Re: Deidentification (ISSUE-188)

On Jul 16, 2014, at 7:44 AM, TOUBIANA Vincent wrote:

> Hi Justin,
>  
> I’d like to propose a definition of de-identification which is closer to the concept of anonymization defined in the Article 29 Opinion (http://ec.europa.eu/justice/data-protection/article-29/documentation/opinion-recommendation/files/2014/wp216_en.pdf).
>  
> A data-set is de-identified when it is no longer possible to:
> - isolate some or all records which correspond to a device in the dataset,
> - link, at least, two records concerning the same device,
> - deduce, with significant probability, the value of an attribute from the values of a set of other attributes.
>  
> The third criteria may -- in some cases -- go beyond de-identification but the first two are, in my opinion, required to limit re-identification risks.

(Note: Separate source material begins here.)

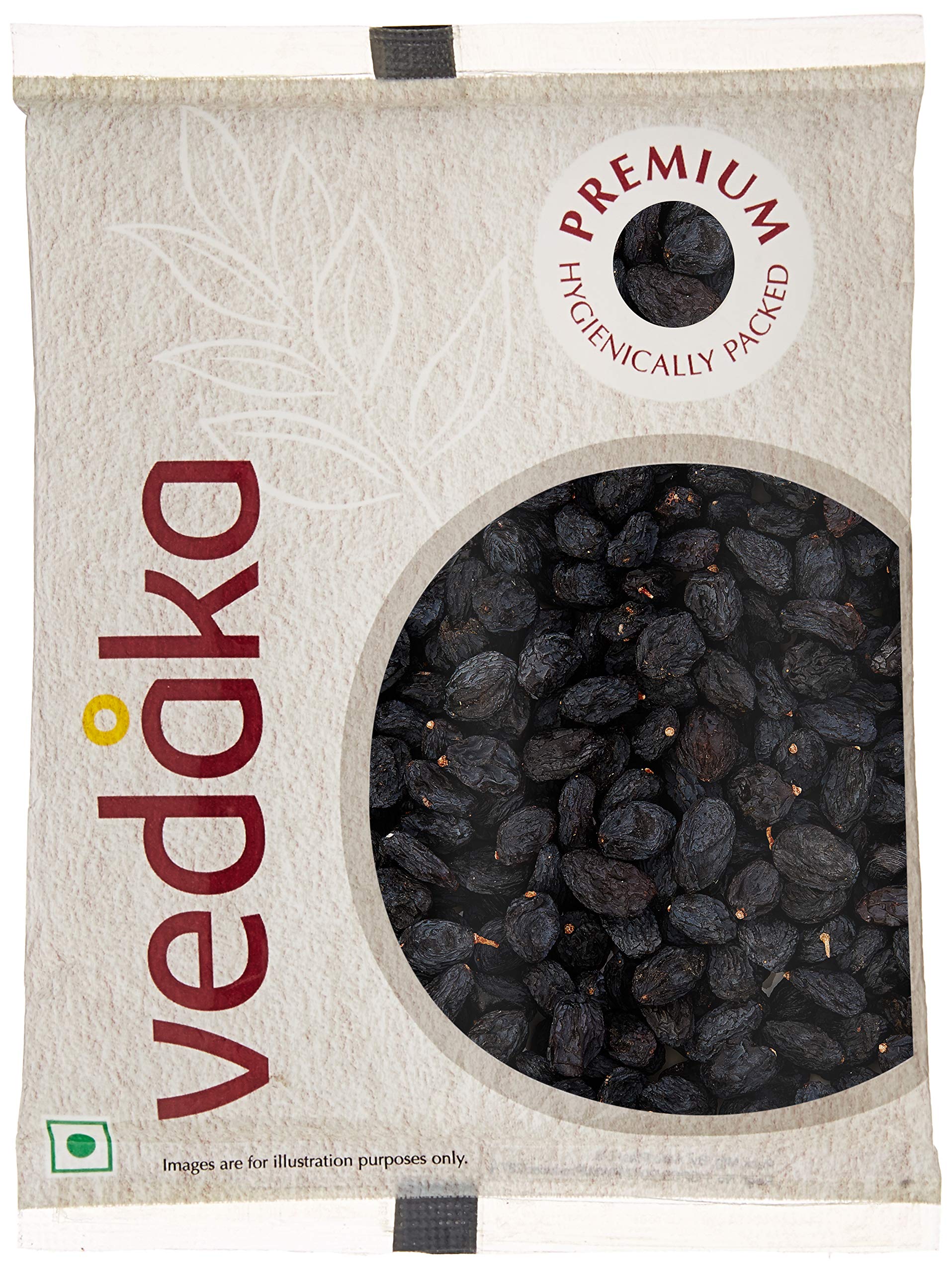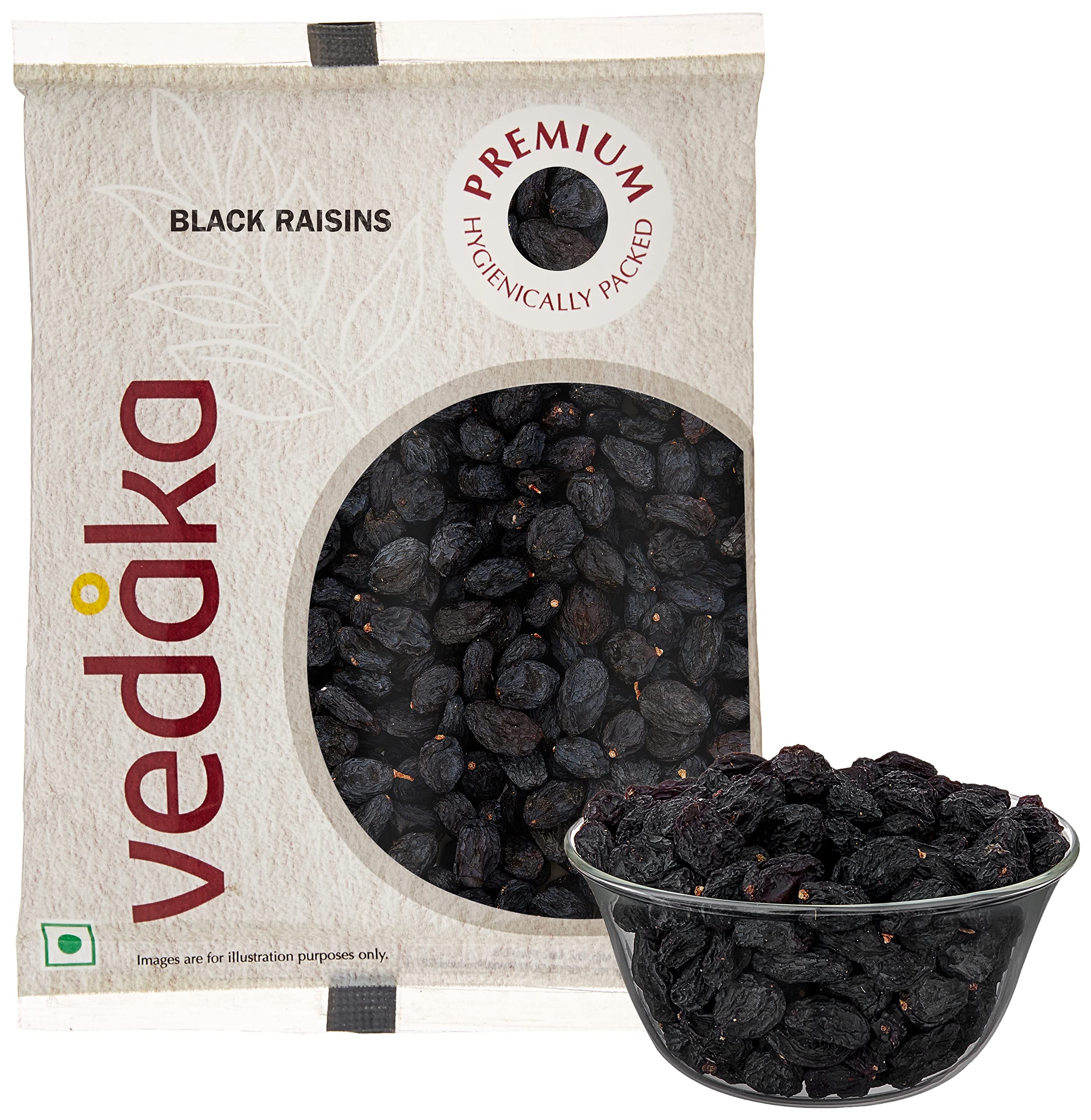 Vedaka brings to you -quality black raisins with a sweet fruity taste and a soft chewy texture. They are packed in a food-safe polybag to keep them safe in the journey to your home. These raisins are packed in an integrated nuts and dried fruits unit and may contain occasional traces of other nuts and dried fruits. May contain an occasional stem or stalk store in a cool dry place in an airtight container and preferably refrigerate after opening.

No.  A set of log entries for a single request might consist of ten
to twenty records with the same request-id, which is no more an indication
of tracking than having a single very large record with the same information.
The mechanism of records has no relevance to the actual privacy concern,
which is that the data can be linked to a particular user.  How many
records that involves, or how many deductions are needed, is superfluous.

In any case, I have no idea what the third bullet means, and I am pretty
sure that I would not consider it de-identified if the data set included
a single record with my name and home address.

....Roy

Received on Thursday, 17 July 2014 21:09:46 UTC